REQUIRED WORK – Pictures in the listing below are skipped, while the lines from the "Маятник настольный антистресс" line through the "Holy Mass Times at Mount Schoenstatt, Mulgoa" line are returned word for word.

RECORDS SHOWN –

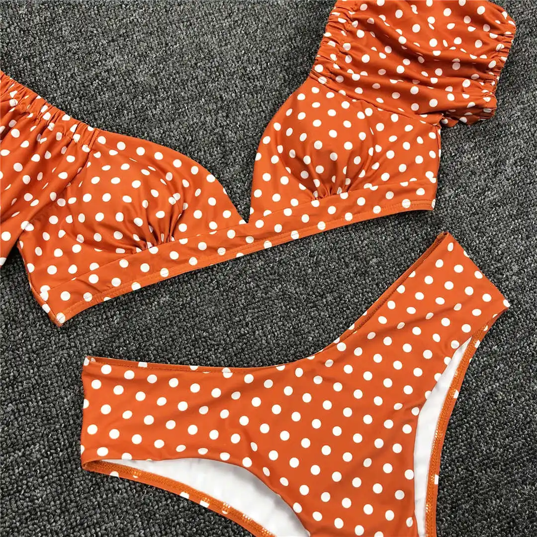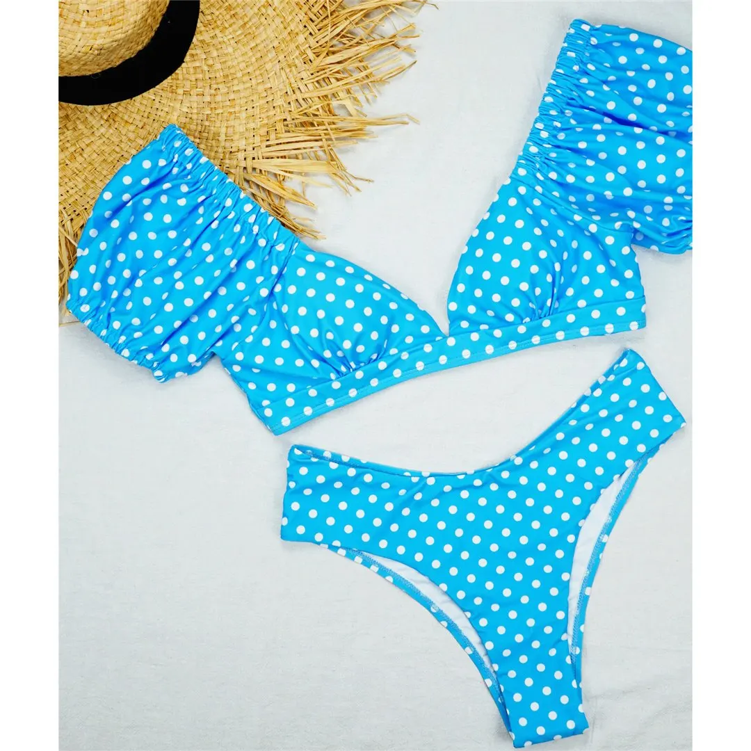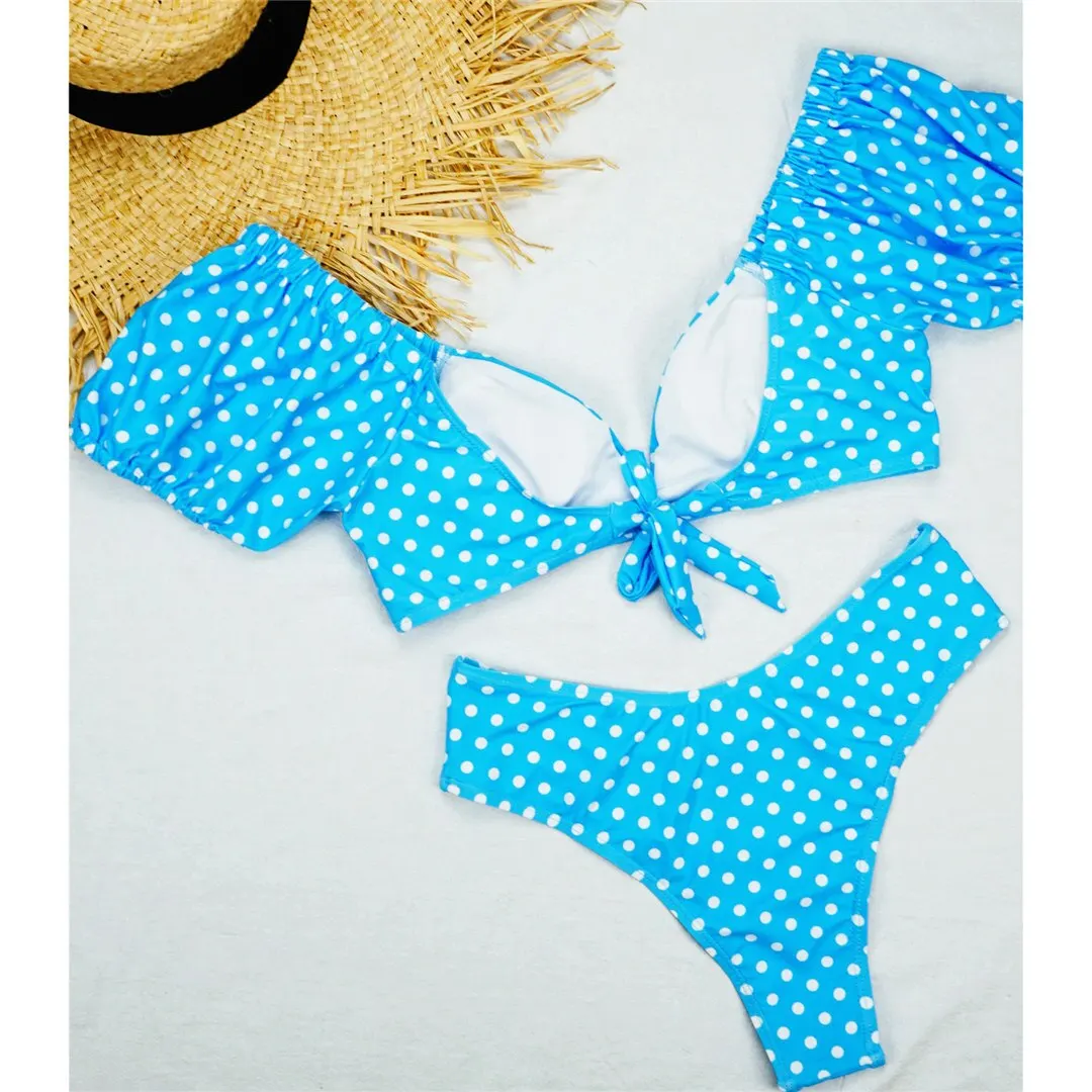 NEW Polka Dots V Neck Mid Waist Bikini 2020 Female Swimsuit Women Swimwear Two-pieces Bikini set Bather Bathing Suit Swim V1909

* * *

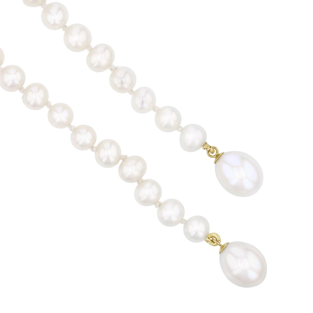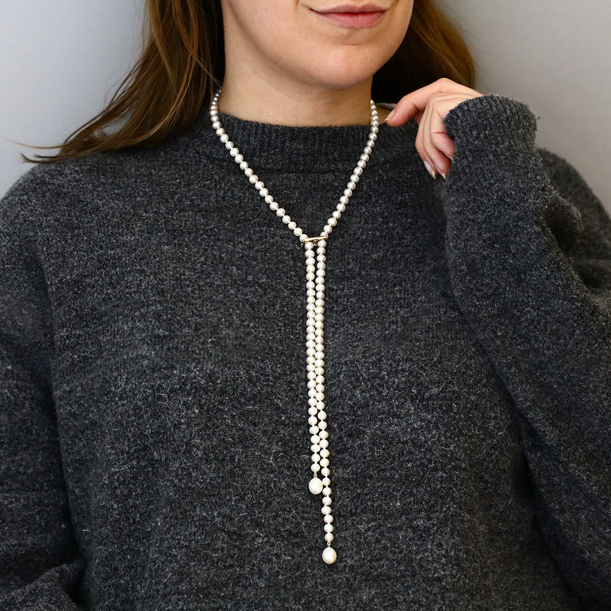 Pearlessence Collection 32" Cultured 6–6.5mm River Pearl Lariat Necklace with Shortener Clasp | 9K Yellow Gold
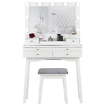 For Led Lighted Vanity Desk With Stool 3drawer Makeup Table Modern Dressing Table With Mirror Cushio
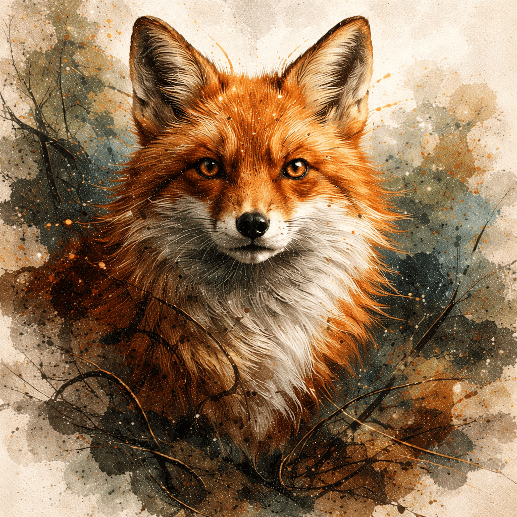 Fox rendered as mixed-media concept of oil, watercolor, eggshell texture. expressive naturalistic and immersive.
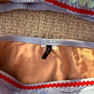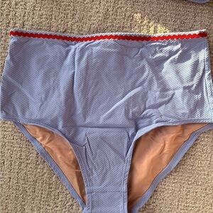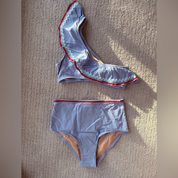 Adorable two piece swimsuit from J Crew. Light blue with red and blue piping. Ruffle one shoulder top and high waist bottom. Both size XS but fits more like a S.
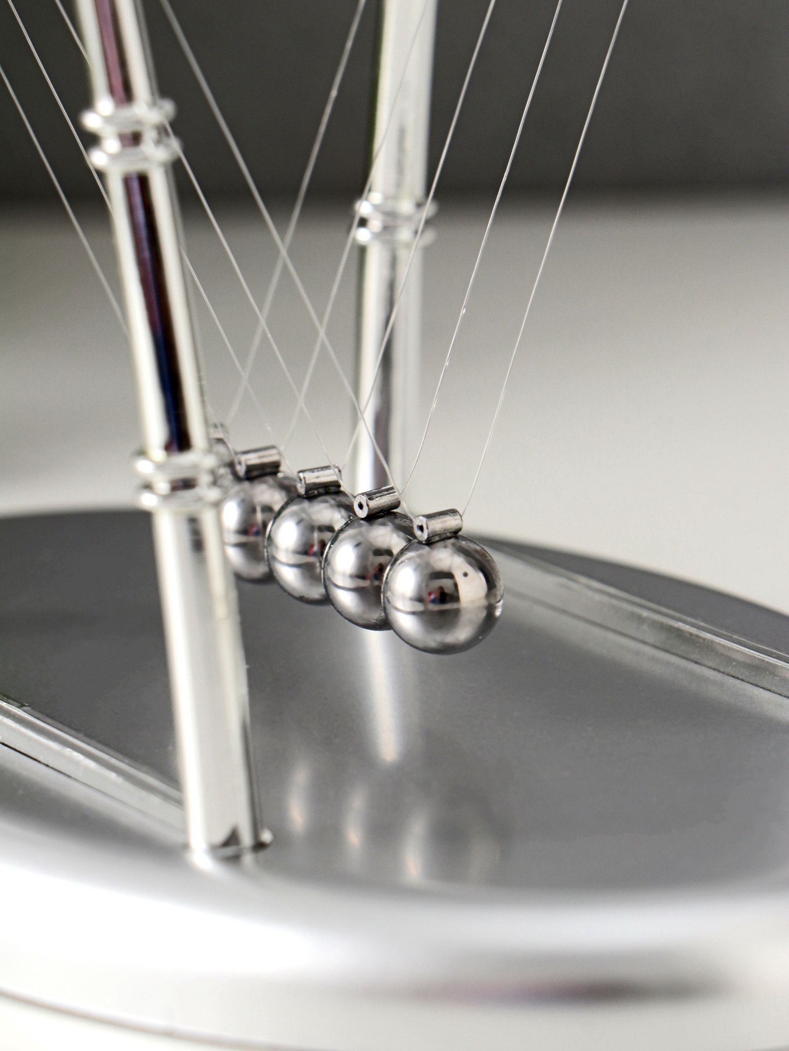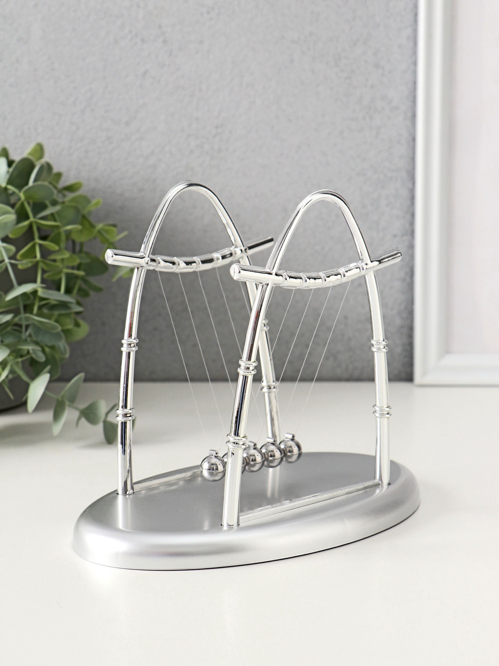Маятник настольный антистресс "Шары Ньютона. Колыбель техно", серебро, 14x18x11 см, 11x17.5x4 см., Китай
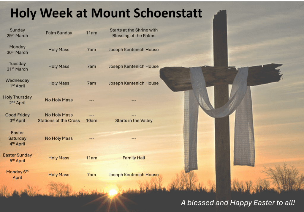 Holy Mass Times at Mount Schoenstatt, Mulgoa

EXERCISE ANSWER –
Маятник настольный антистресс "Шары Ньютона. Колыбель техно", серебро, 14x18x11 см, 11x17.5x4 см., Китай
 Holy Mass Times at Mount Schoenstatt, Mulgoa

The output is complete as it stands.